A framework for understanding better the effectiveness of group learning starts with a distinction between tacit and explicit knowledge. The discussion of the retailer’s building of a site-acquisition capability in recent briefings rather implies that all the activities in the process came to be defined, written down, and followed in detail. However, this was not the reality in that situation, nor is it generally the case, even in the most regimented process-driven teams.

Early in the retailer’s growth, the first few experts discovered problems in how they were doing the job, worked out better approaches, and discussed them with each other.
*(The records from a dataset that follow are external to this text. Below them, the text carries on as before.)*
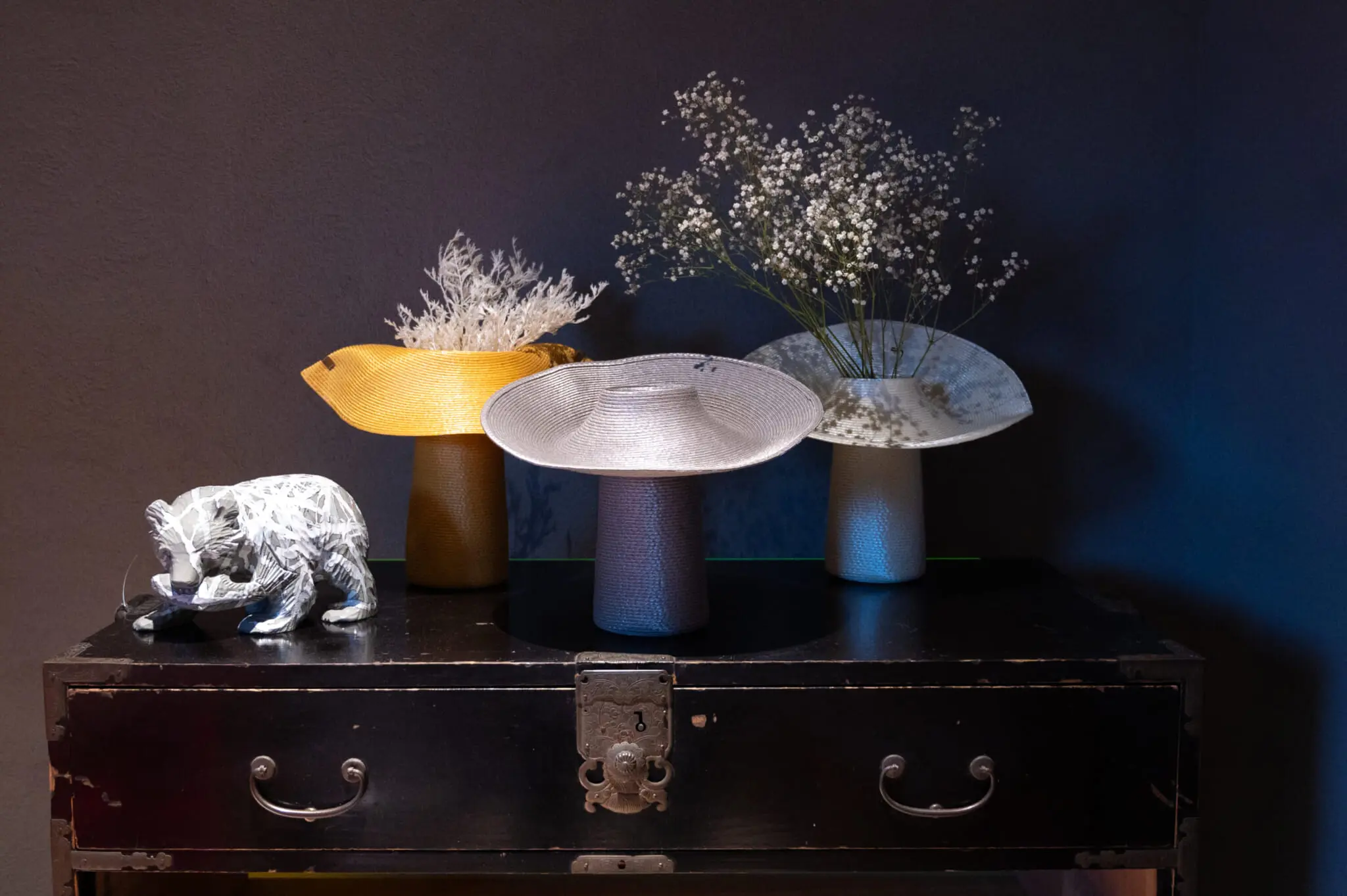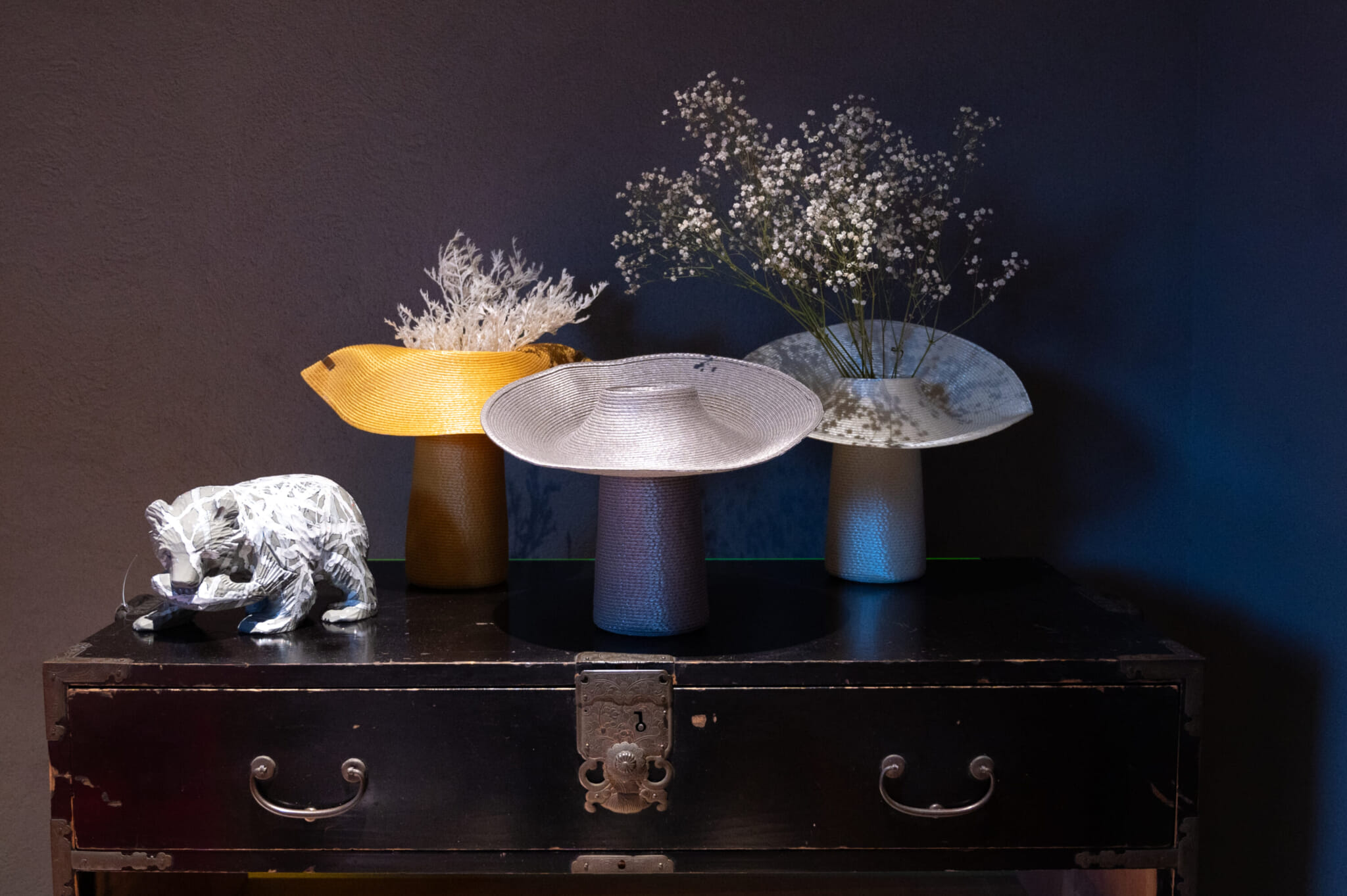 One example is the Crinkle Candle by Kitchibe, selected for the MoMA Permanent Collection. The fragrant candle is made from locally produced plant-based ingredients and placed in Japanese porcelain. Tableware enthusiasts can also buy elegant white plates and cups made in the revived Usuki ware style from Oita. Mobje’s woven vases, made with hat-making materials and techniques, are a wonderful example of diversifying a craft, as the brand is an offshoot of a millinery company from Hiroshima.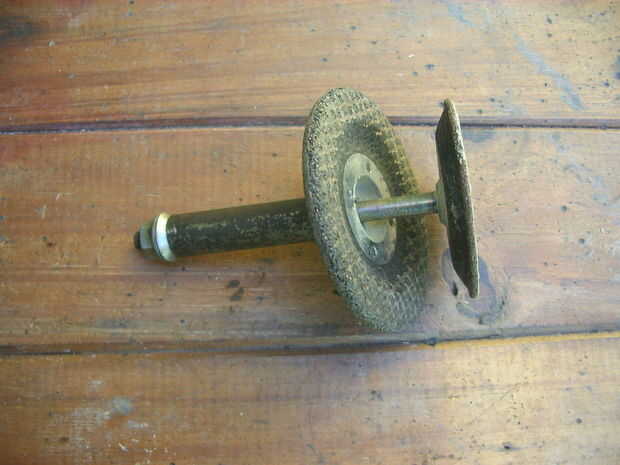 Soldar una arandela grande a la cabeza del perno y buscó algunos utilizan discos de amoladora para uso también como arandelas. Me pegado con masilla de manitas (el mismo podría han utilizado adhesivo epoxi) una amoladora de disco gastado de la arandela del extremo. Con un trozo de tubo metálico hizo un espaciador para fijar el mango a la tuerca. Finalmente soldar una tuerca al extremo de otra pieza de la misma tubería, que coincidentemente había ya doblado el otro extremo lo perfecto para lo que iba a utilizar. En caso de que usted no sabe todavía, los émbolos es eficaz empujando, pero están tirando mucho más.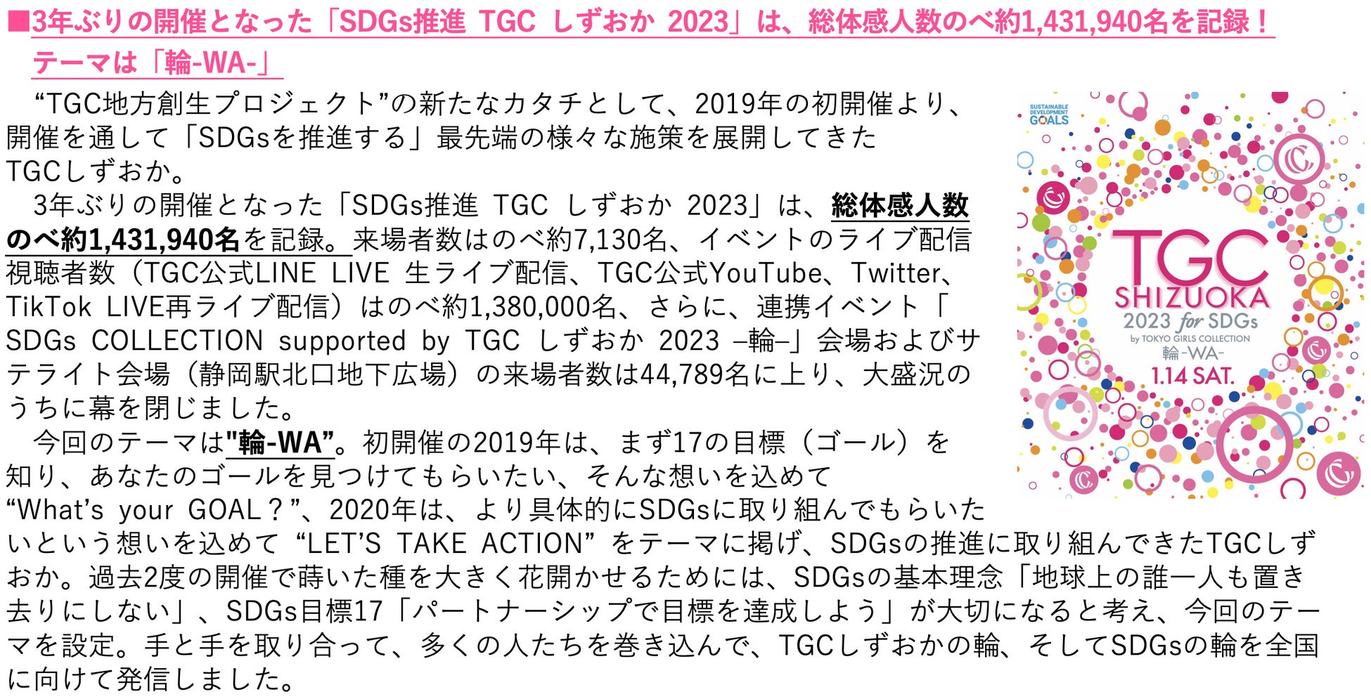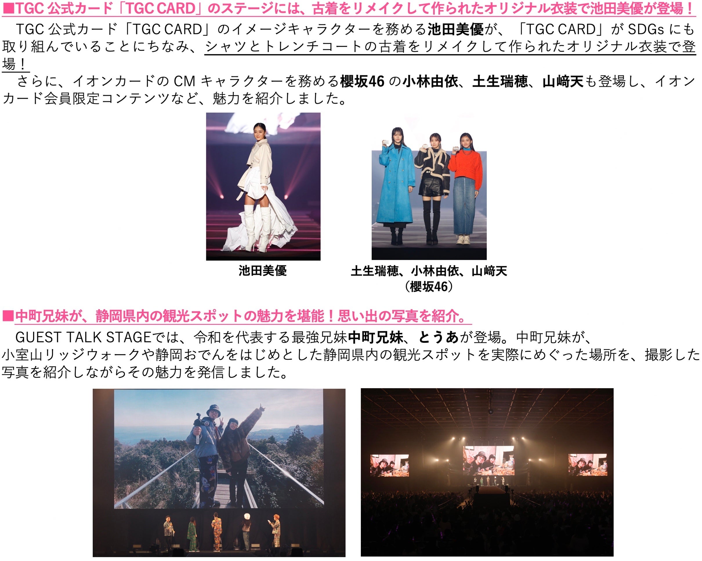 3年ぶりの「TGCしずおか」総体感人数はのべ約1,431,940名!全ファッションショーにSDGs目標を設定!楓、藤井夏恋、せいら、マギー、ゆうちゃみらが集結!板垣李光人、王林、山下幸輝らが初登場!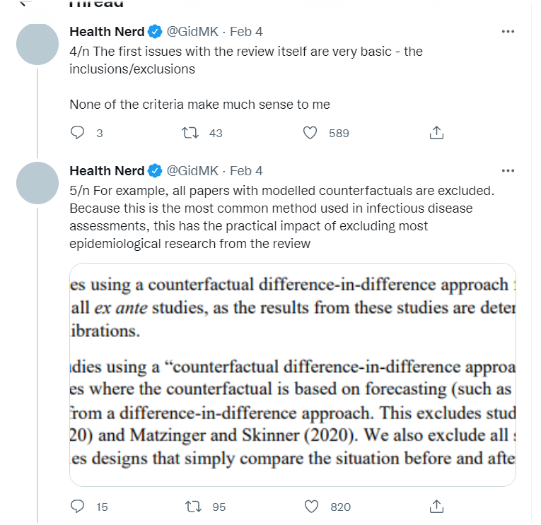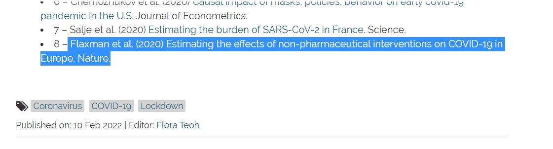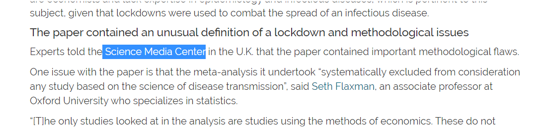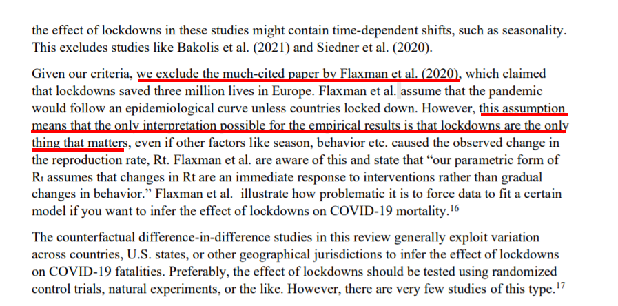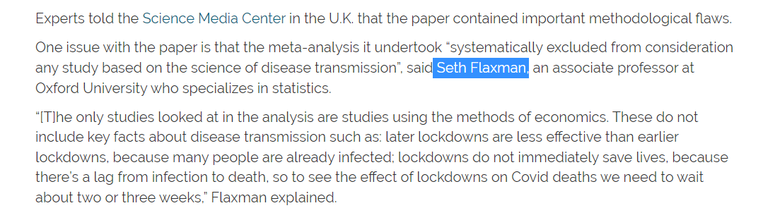 Hundreds of papers have been written on lockdowns, with various conflicting conclusions. Why limit the assessment to only papers that claim the lockdowns worked? And of course @healthfeedback privileges one of those papers above all else: Flaxman 2020.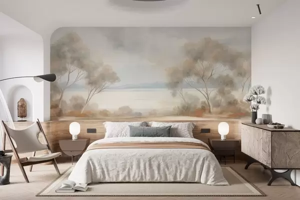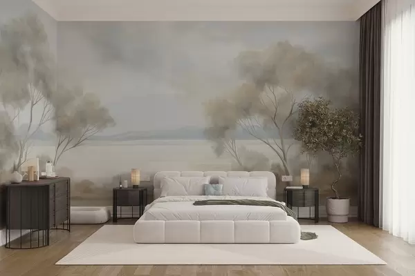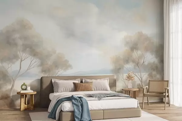 Фототапет Пейзажна картина с текстуриран стил, с дървета под облачно небе Nr w09753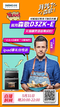 5月31日,森歌舉辦《拜托了,森歌!》D3ZK-E天貓直播體驗活動,現(xiàn)場特邀法國大廚、美食達(dá)人安鬧鬧與他的兒子一起來到森歌天貓官方直播間擔(dān)任森歌產(chǎn)品體驗官,傳授用森歌D3ZK-E天貓精靈語音集成灶輕松搞定熊孩子的營養(yǎng)餐,以及傳授8分鐘制作歐包的獨家秘方。“天貓精靈,播放音樂!” “天貓精靈打開高溫蒸!”現(xiàn)場通過與森歌集成灶語音互動,以及將烹飪美食場景化的方式展現(xiàn)森歌集成灶的趣味性和安全性,將廚房從寶貝禁區(qū)變成親子樂園。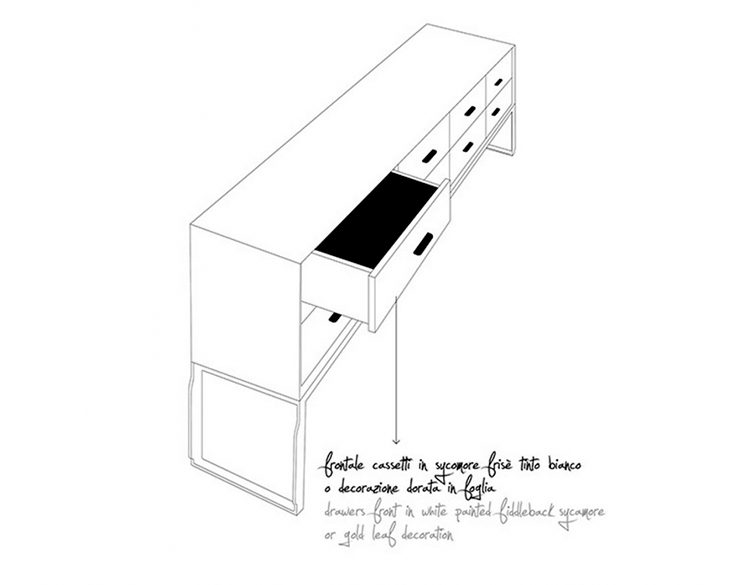 4或8抽屉衣柜在核桃卡纳莱托木(fin.11)。 抽屉方面都有两个版本:白色小提琴状的东西画梧桐或者金箔装饰。 抽屉里配有沉默系统总提取后退指南。 处理和金属基体上铜的颜色。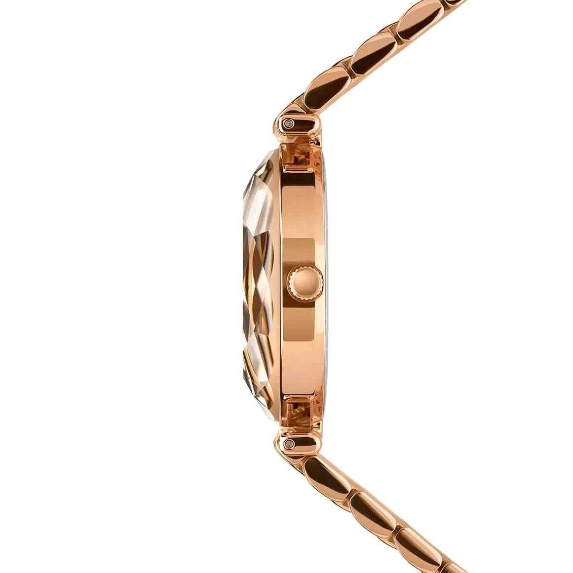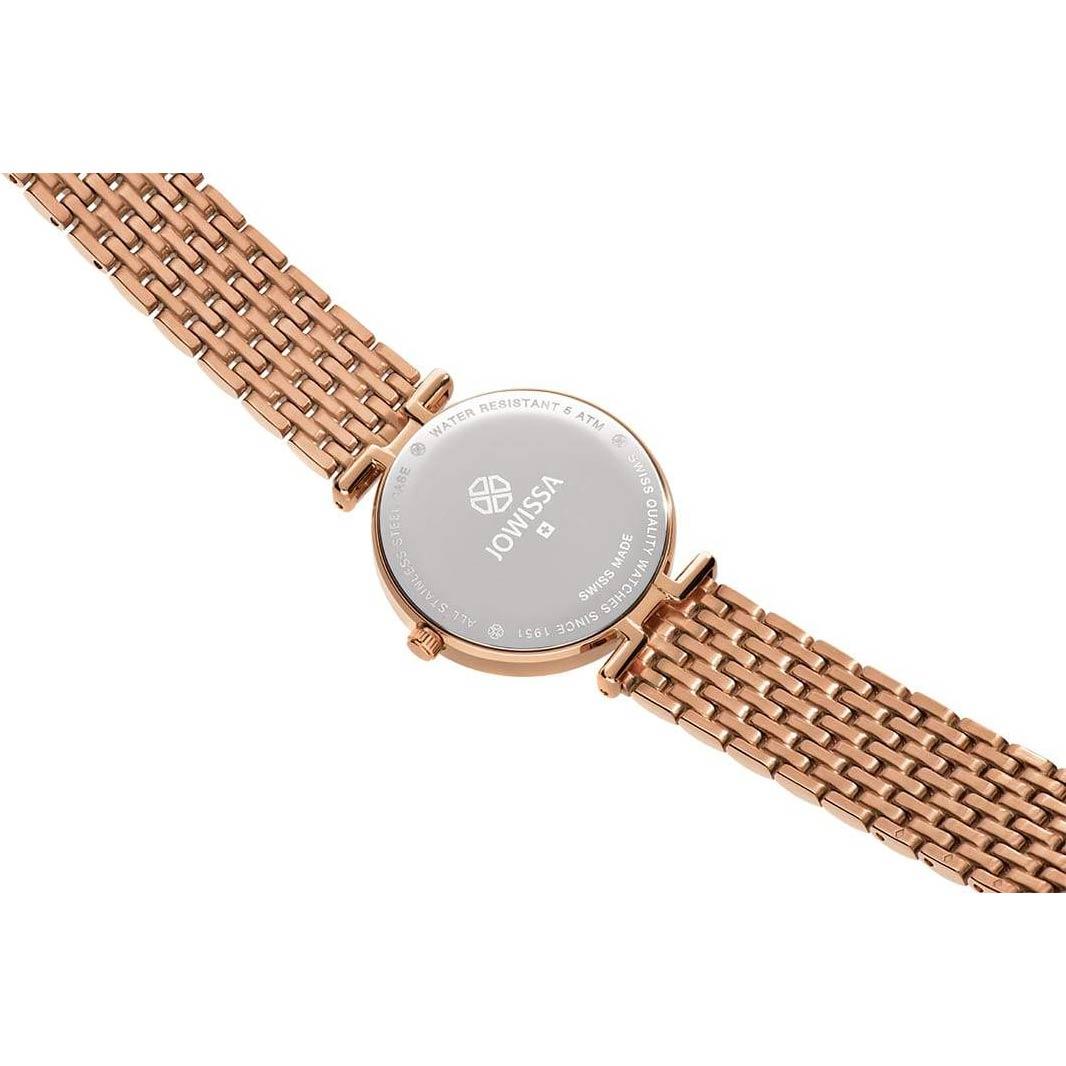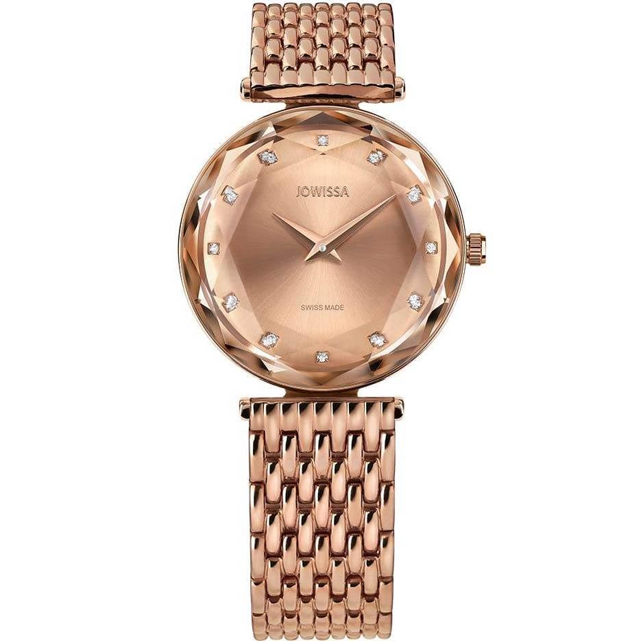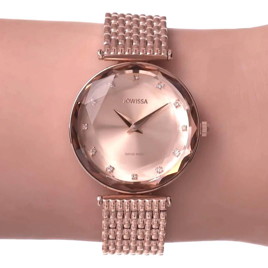 ساعت مچی زنانه جویسا JOWISSA با طراحی روزانه بند رزگلد با قاب گرد و صفحه مسی مزین به نگین با شیشه تراش خورده و موتور سوییسی با انرژی باطری و مقاوم در برابر آب تا عمق 50 متر به همراه دو سال گارانتی بین المللی

Their discussion shared what is known as “tacit knowledge” — things that group members know how to do without recording them as “explicit knowledge” or rigorously observing them.

Organizations constantly move many small pieces of knowledge from tacit to explicit, either in a deliberately planned manner or because it seems to make sense. How well this process works is of considerable importance to the effectiveness with which groups and organizations learn.

To make this phenomenon concrete and amenable to analysis and deliberate management, it is possible to survey a group at a point in time and have them record (see figure 1):

  • things individuals know but have not shared
  • things people know and have shared, but not recorded
  • things the group has recorded, but do not use
  • things that are recorded and regularly used

Figure 1: Know-how moving from tacit to explicit and from individual to shared. (Click image to view larger)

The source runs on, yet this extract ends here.